Infinitely Losing My Edge

Generate another   or   share this link  

Yeah, I'm losing my edge.
I'm losing my edge.
The kids are coming up from behind.
I'm losing my edge.
I'm losing my edge to the kids from Kyrgyzstan and from Calgary.
But I was there.

I was there in 1976.
I was there at the first Chic show in New York.
I'm losing my edge.
I'm losing my edge to the kids whose footsteps I hear when they get on the decks.
I'm losing my edge to the internet seekers who can tell me every member of every good group from 1969 to 1975.
I'm losing my edge.

To all the kids in Calgary and Hong Kong.
I'm losing my edge to the art-school Spokane kids in little jackets and borrowed nostalgia for the unremembered nineties.

I'm losing my edge.
I'm losing my edge.
I can hear the footsteps every night on the decks.
But I was there.

I was there in 1968 at the first Bowie practice in a loft in Bromley.
I was working on the güiro sounds with much patience.
I was there when Lou Reed started up his first band.
I told him, "Don't do it that way.

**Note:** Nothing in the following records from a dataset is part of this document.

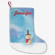 Uma meia de Natal personalizada com uma ilustração fofa de bonitinha. Ele está vestindo um chapéu preto de cachimbo, segurando um clássico cachimbo de milho, e vestindo um cachecol vermelho. Ficando na neve branca fria sorrindo e balançando olá. O fundo é composto por um céu com aquarelas com cores azuis e roxas se misturando e se misturando. Personalize com um nome em vermelho festivo.
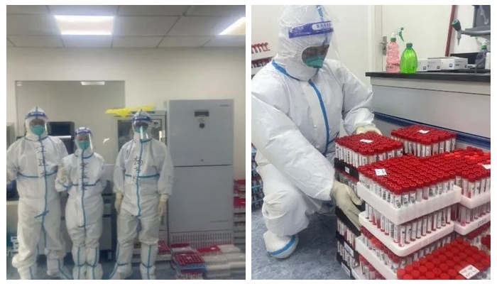 来自国药医疗所属新乡市中心医院、新乡市第二人民医院、新乡市妇幼保健院、国药平顶山市第五人民医院、国药上海长航医院等五家医疗机构的12名医护人员12小时内火速集结到位,日夜兼程奔赴上海。为确保日检测量达到5万管,队员们平均每天在气膜舱里需要工作10小时以上,仅重复拧开核酸检测盖帽动作就达上万次,队员手指都出现了不同程度的损伤和水泡。
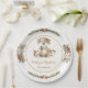 Teller aus weißem und cremefarbenem Party im klassischen aber modernen Bauernstil mit Kiefern, weiße Weihnachtsgebäck, Laterne und niedlichem Vogel. Die Mitte ist cremefarben, der Rand weiß. Personalisieren Sie den Text einfach. Kate Eden Art
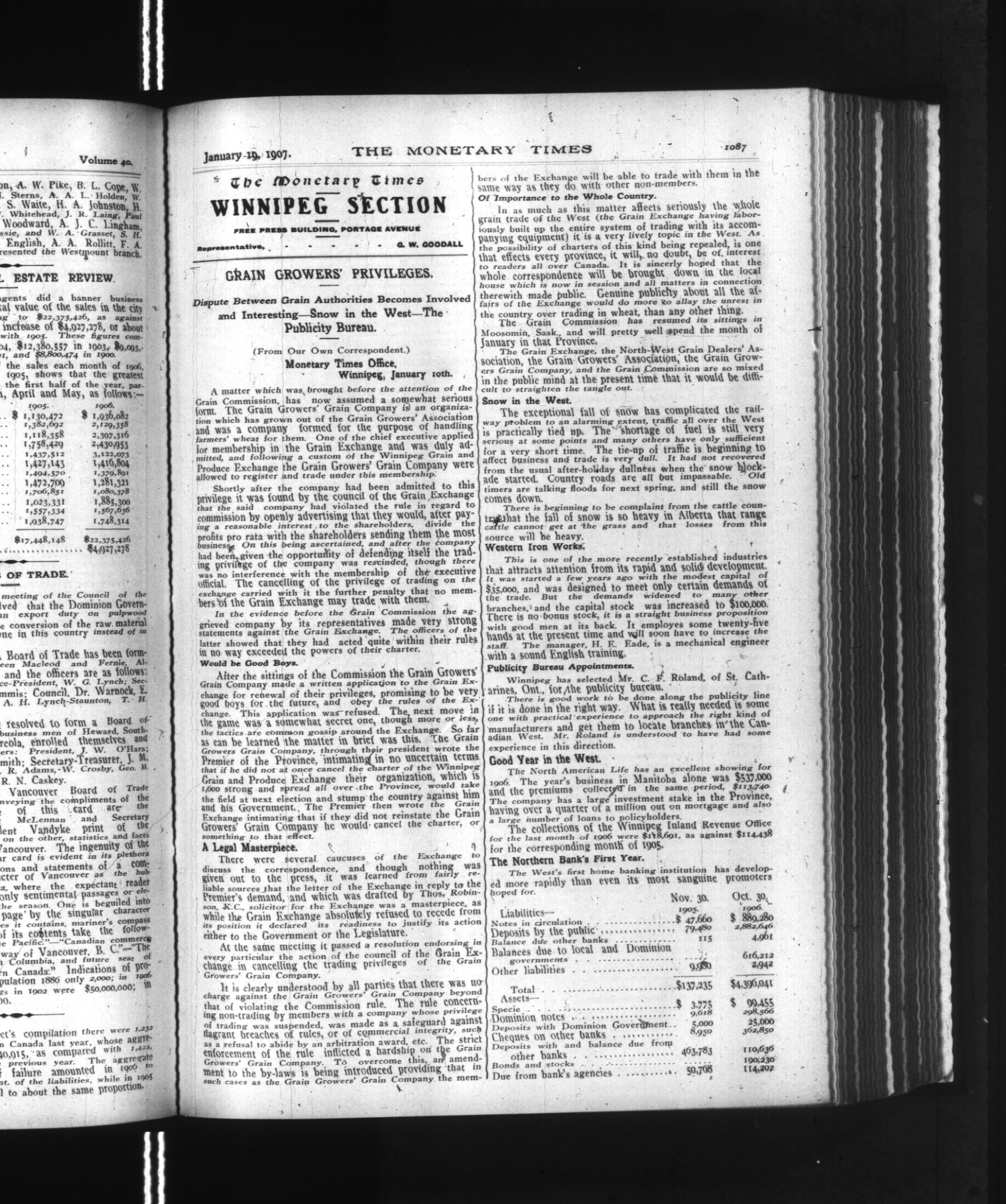 The monetary times, trade review and insurance chronicle : Vol. 40, No. 29 (January 19, 1907)
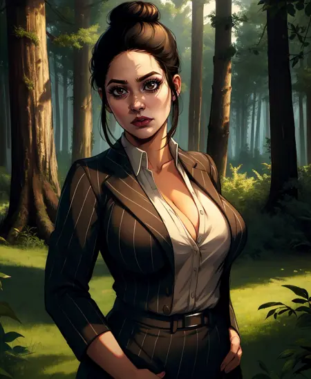 Jane、黒髪、茶色の目、髪を結んだスタイル
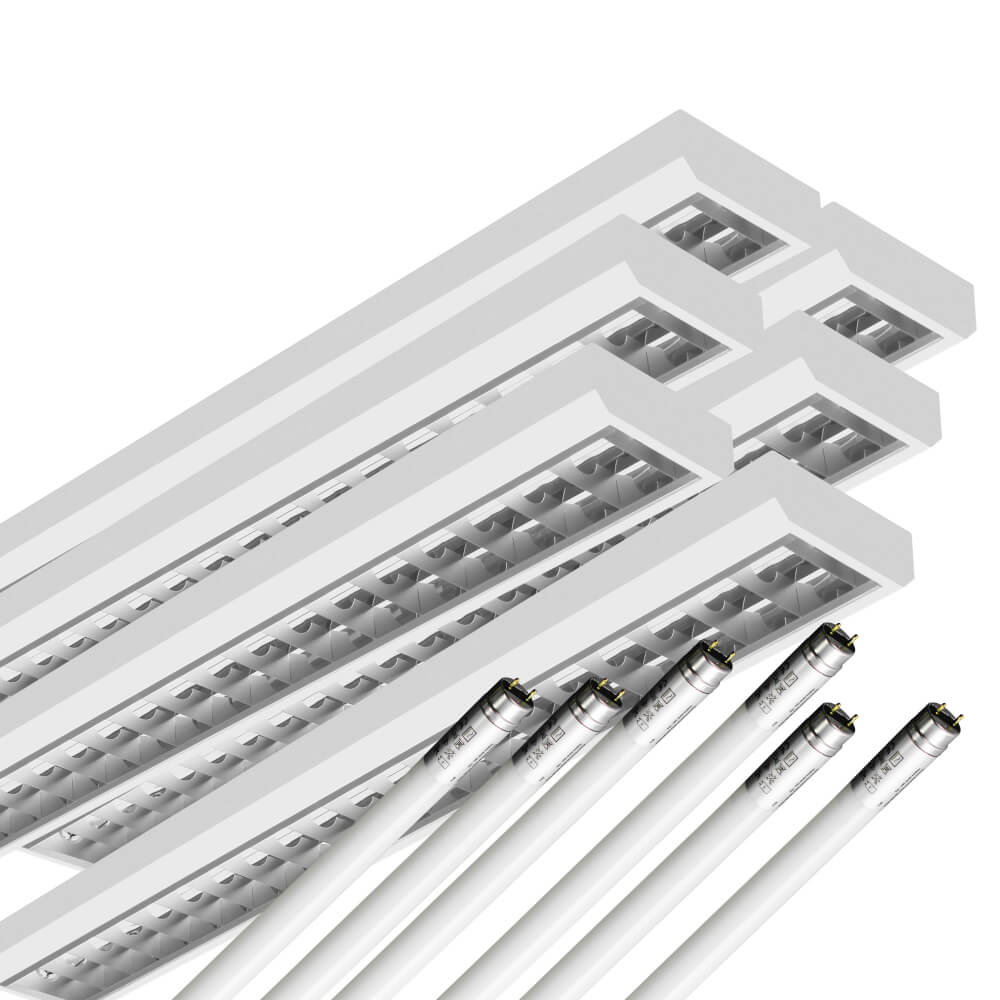 LED Rasteranbauleuchte Single-Raster, 150cm, 1-flammig: Ein ergonomisch gestalteter Arbeitsplatz fördert die Gesundheit und das Wohlbefinden. Gutes Licht ist dabei eine Grundvoraussetzung. Ziel einer guten Bürobeleuchtung ist es, den Arbeitsplatz den Normen entsprechend auszuleuchten und die Leuchte gleichzeitig als Gestaltungselement im Raum wirken zu lassen.
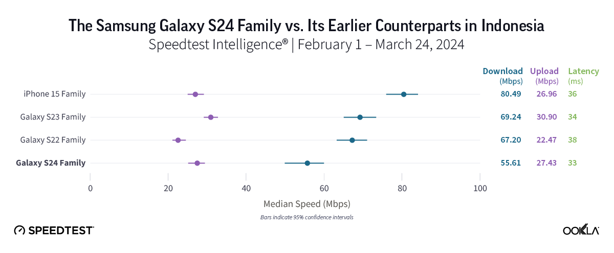 Bottom line: Despite the iPhone 15 providing the top speeds in the market, the Galaxy S24 could hold greater long-term potential for consumers in Indonesia, especially when compared to older Samsung models. Equipped with a newer processor and modem, the S24 could see quicker speeds over time as Indonesia’s 5G networks evolve. In the meantime, users shouldn’t experience notable disparities in speed or latency among all three Samsung device families analyzed.
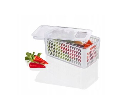 Livarno Home dóza na potraviny 5,5 l se vyjímatelným odkapávacím košíkem, poklopem s ventilem svěžesti a posuvným uzávěrem. Plastový, do myčky, vhodný do 0-45 °C.
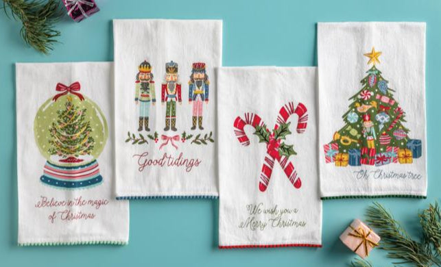 Cotton hand towel with contrast mini pom trim; perfect for the holidays!
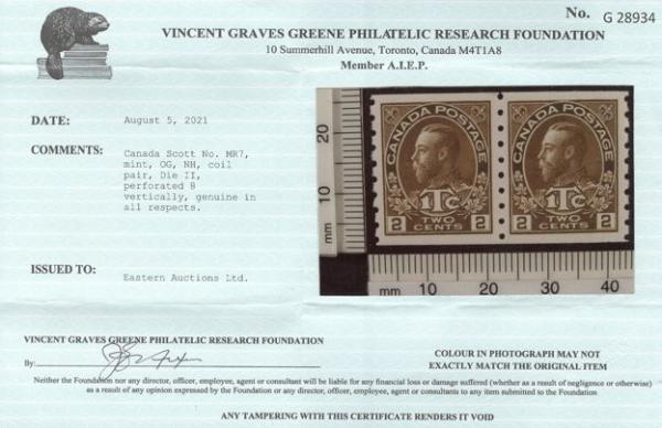 6091 MR7 imageMR7, Coil pair, exceptional centering, pristine fresh colour, XF, NH. Has 2021 Greene Foundation Certificate. RARELY SEEN IN THIS CHOICE CONDITION (Image) (View Certificate)

You'll never make a dime."
I was there.
I was the first guy playing The Velvet Underground to the grime kids.
I played it at the Troubador.
Everybody thought I was crazy.
We all know.
I was there.
I was there.
I've never been wrong.

But I'm losing my edge to better-looking people with better ideas and more talent.
And they're actually really, really nice.

I'm losing my edge.

I heard you have a compilation of every good song ever done by anybody.
Every great song by Minny Pops. All the underground hits.

All the Soft Cell tracks. I heard you have a vinyl of every MDC record on German import.

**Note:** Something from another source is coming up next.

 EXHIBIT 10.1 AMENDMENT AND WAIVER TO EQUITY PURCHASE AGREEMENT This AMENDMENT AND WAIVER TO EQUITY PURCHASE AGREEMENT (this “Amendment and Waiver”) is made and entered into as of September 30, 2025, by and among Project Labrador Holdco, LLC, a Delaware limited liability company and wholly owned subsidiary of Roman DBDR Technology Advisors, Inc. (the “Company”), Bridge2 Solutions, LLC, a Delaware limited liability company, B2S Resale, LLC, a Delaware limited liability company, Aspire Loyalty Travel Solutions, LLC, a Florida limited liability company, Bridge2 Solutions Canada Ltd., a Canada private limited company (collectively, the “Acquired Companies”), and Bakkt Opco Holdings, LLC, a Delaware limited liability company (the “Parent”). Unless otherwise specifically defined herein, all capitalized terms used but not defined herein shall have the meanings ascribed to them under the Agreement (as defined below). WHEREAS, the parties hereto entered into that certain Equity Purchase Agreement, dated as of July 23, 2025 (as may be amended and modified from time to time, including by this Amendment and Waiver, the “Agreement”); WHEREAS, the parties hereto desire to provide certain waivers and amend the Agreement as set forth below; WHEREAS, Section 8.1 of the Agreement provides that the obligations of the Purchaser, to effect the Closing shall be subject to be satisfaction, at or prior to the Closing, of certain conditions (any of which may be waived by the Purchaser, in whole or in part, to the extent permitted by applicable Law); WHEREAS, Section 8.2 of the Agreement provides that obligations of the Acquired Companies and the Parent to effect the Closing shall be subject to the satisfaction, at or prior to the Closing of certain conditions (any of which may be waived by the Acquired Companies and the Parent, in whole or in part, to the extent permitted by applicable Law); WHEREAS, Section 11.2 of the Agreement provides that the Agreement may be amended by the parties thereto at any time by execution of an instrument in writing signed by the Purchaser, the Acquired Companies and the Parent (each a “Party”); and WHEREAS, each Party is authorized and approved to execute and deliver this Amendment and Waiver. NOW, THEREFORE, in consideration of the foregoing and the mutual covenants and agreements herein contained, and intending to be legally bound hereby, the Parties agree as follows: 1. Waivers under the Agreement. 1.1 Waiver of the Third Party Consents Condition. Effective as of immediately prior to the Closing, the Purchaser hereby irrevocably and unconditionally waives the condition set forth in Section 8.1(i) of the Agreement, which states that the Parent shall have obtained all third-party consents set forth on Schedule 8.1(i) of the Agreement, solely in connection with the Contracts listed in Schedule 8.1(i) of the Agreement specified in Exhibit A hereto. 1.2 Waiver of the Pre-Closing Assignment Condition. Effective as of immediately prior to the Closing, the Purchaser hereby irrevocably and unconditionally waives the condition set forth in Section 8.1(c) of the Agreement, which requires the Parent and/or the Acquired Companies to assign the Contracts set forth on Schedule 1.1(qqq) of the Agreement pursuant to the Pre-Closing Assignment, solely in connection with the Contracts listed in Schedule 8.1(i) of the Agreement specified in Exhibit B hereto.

I heard that you have a white label of every seminal electroclash hit - 1985, '86, '87.
I heard that you have a CD compilation of every good '50s cut and another box set from the '80s.

I hear you're buying a rhodes and an oboe and are throwing your macbook out the window because you want to make something real. You want to make a The Moleskins record.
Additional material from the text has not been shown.